Executives face a difficult decisions about what to do with their workforces

Companies Are Firing the Wrong People
Employees walk in the Honda Motor Co. auto plant campus in Swindon, U.K. (Photographer: James Beck/Bloomberg)

(Bloomberg Opinion) -- The coronavirus crisis will transform the global economy in ways that are hard to anticipate. Consider, for example, automation: As executives face difficult decisions about what to do with their workforces, might they opt for more machines over humans? And what will be the longer-term effect on employment, business and overall prosperity?

Erik Brynjolfsson and Andrew McAfee, both on the faculty at the Massachusetts Institute of Technology, spend a lot of their time thinking about such things. They have written three books together on how technologies such as artificial intelligence will change the nature of work and management. (Disclosure: They are also starting a consulting company, Second Machine Age Technologies.)

I spoke with them about the challenges companies face, the importance of human capital and how best to prepare for the eventual recovery. Here’s an edited version of our conversation.

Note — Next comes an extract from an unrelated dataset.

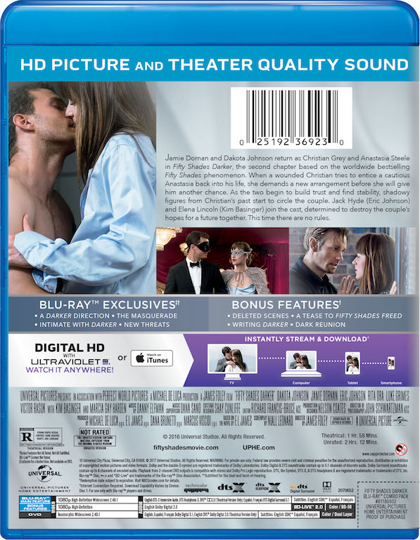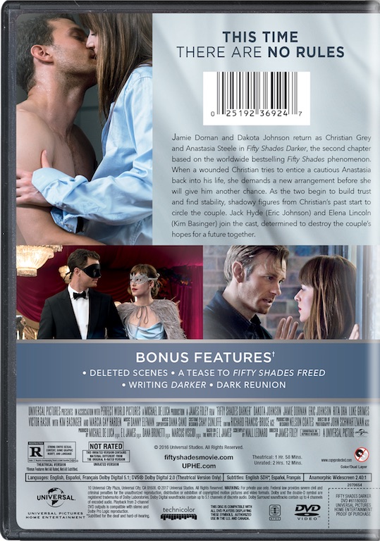 The UNRATED (yes, UNRATED!!!) Fifty Shades Darker will be available on Digital HD on April 25, and then two weeks later (May 9) on Blu-ray, DVD, and On Demand.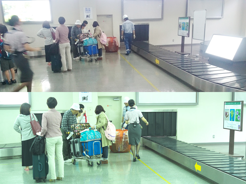 バゲージクレームの奥からタローのケージが出てきました。なおみが駆け出しましたがそれより早くANAの職員が駆け寄ります。

Roy Bahat: How does this crisis affect how companies think about which problems to solve with talent, and which to solve with technology?

Andrew McAfee: Recessions cause companies to pay much closer attention to their costs. Chief executives become zealots for reducing spending, and labor is no exception. The unemployment claims we’ve seen over the past weeks show clearly that there are, tragically, a lot of layoffs with the Covid recession.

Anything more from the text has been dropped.